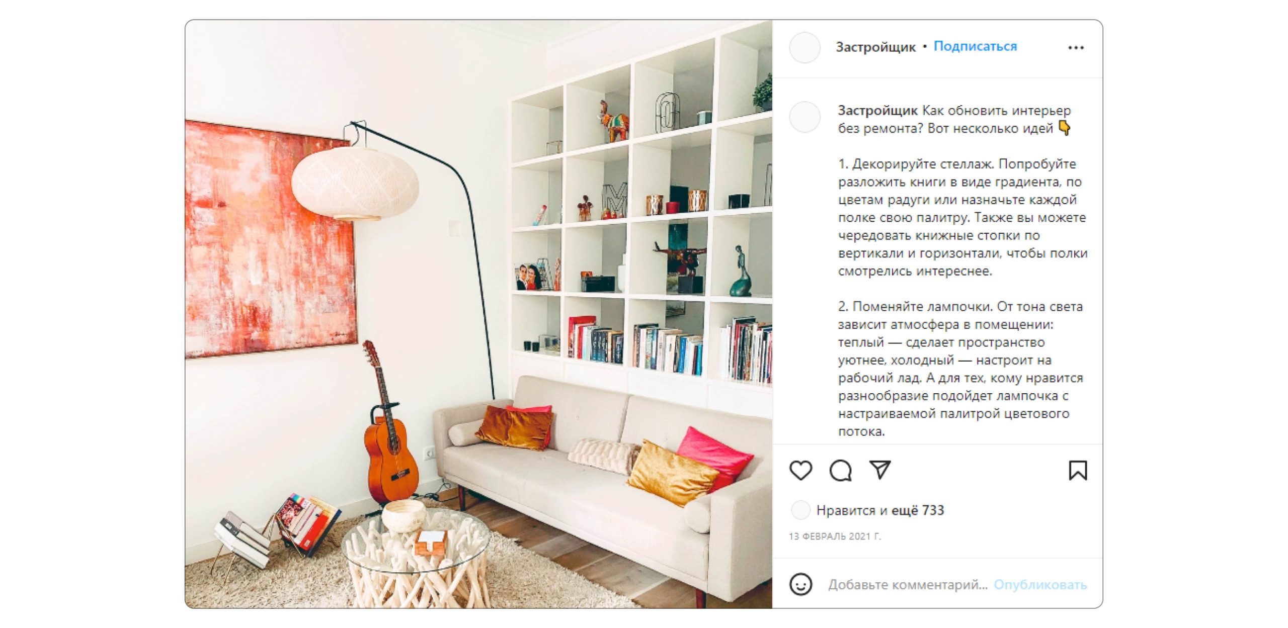 Потенциальным покупателям квартир так или иначе придется столкнуться с ремонтом и дизайном жилья. Поэтому в контенте мы использовали экспертные статьи. Например, рассказывали о трендовых цветах в интерьере и о практичных предметах мебели.
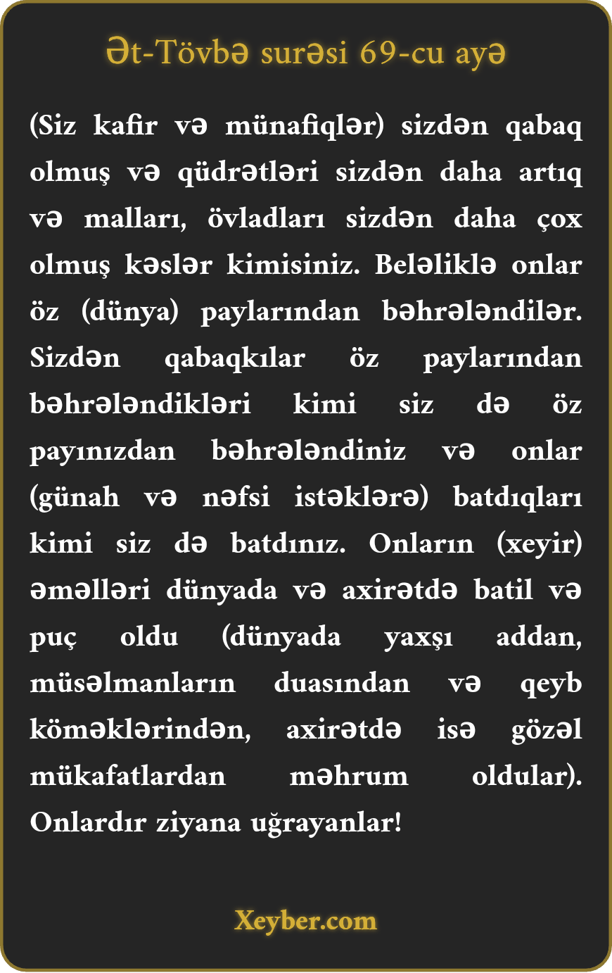 "(Siz münafiqlərin halı) sizdən əvvəlkilərinki kimidir. (Halbuki) onlar sizdən daha güclü, daha varlı idilər və daha çox övladları vardı. Onlar öz paylarını aldılar. Siz də özünüzdən əvvəlkilər kimi bəhrələndiniz. (Öz batil yolunuzda) itib-batdınız. Onların əməlləri dünya və axirətdə puça çıxdı, onlar həmin ziyankarlardırlar.”
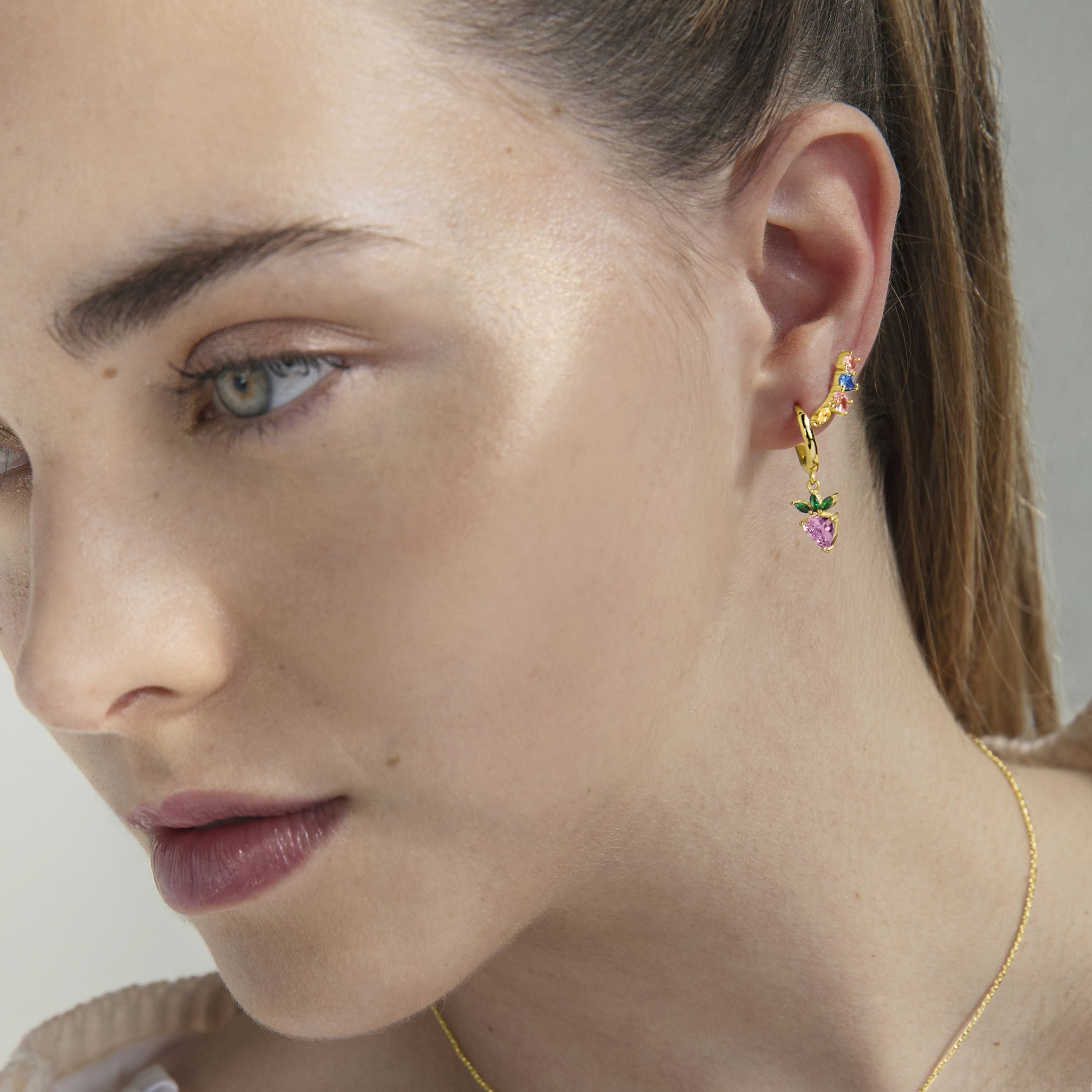 Piercing Asre Plata de Ley 925 y Circonita Multicolor acabado en oro amarillo de 18 Quilates. Joyas con diseños excesivos en los que el grabado. Cadenas, colgantes y pulseras son los protagonistas. Delicados diseños dan nombre a nuestra línea GRABADO. Joyas cuidadosamente terminadas y pulidas a mano creando formas perfectas bañados en rodio, oro amarillo y oro rosa de 18 quilates sobra plata de Ley 925. Como en los años 60 todo se vuelve a mezclar para un nuevo golpe de efecto para la generación beat, siendo el mejor mix de sobriedad newyorker y sensualidad femenina. Los diseños con personalidad dictan el color y la madre naturaleza: la unión de diferentes materiales y una exquisita disposición de las piezas hacen de esta línea la joya única, definiendo el lado más british de la it girl: La relatividad es (IN) herente al color.

---+---

Task requirements
Could you return the whole listing exactly, images excluded?

Solution to the problem
 Потенциальным покупателям квартир так или иначе придется столкнуться с ремонтом и дизайном жилья. Поэтому в контенте мы использовали экспертные статьи. Например, рассказывали о трендовых цветах в интерьере и о практичных предметах мебели.
 "(Siz münafiqlərin halı) sizdən əvvəlkilərinki kimidir. (Halbuki) onlar sizdən daha güclü, daha varlı idilər və daha çox övladları vardı. Onlar öz paylarını aldılar. Siz də özünüzdən əvvəlkilər kimi bəhrələndiniz. (Öz batil yolunuzda) itib-batdınız. Onların əməlləri dünya və axirətdə puça çıxdı, onlar həmin ziyankarlardırlar.”
 Piercing Asre Plata de Ley 925 y Circonita Multicolor acabado en oro amarillo de 18 Quilates. Joyas con diseños excesivos en los que el grabado. Cadenas, colgantes y pulseras son los protagonistas. Delicados diseños dan nombre a nuestra línea GRABADO. Joyas cuidadosamente terminadas y pulidas a mano creando formas perfectas bañados en rodio, oro amarillo y oro rosa de 18 quilates sobra plata de Ley 925. Como en los años 60 todo se vuelve a mezclar para un nuevo golpe de efecto para la generación beat, siendo el mejor mix de sobriedad newyorker y sensualidad femenina. Los diseños con personalidad dictan el color y la madre naturaleza: la unión de diferentes materiales y una exquisita disposición de las piezas hacen de esta línea la joya única, definiendo el lado más british de la it girl: La relatividad es (IN) herente al color.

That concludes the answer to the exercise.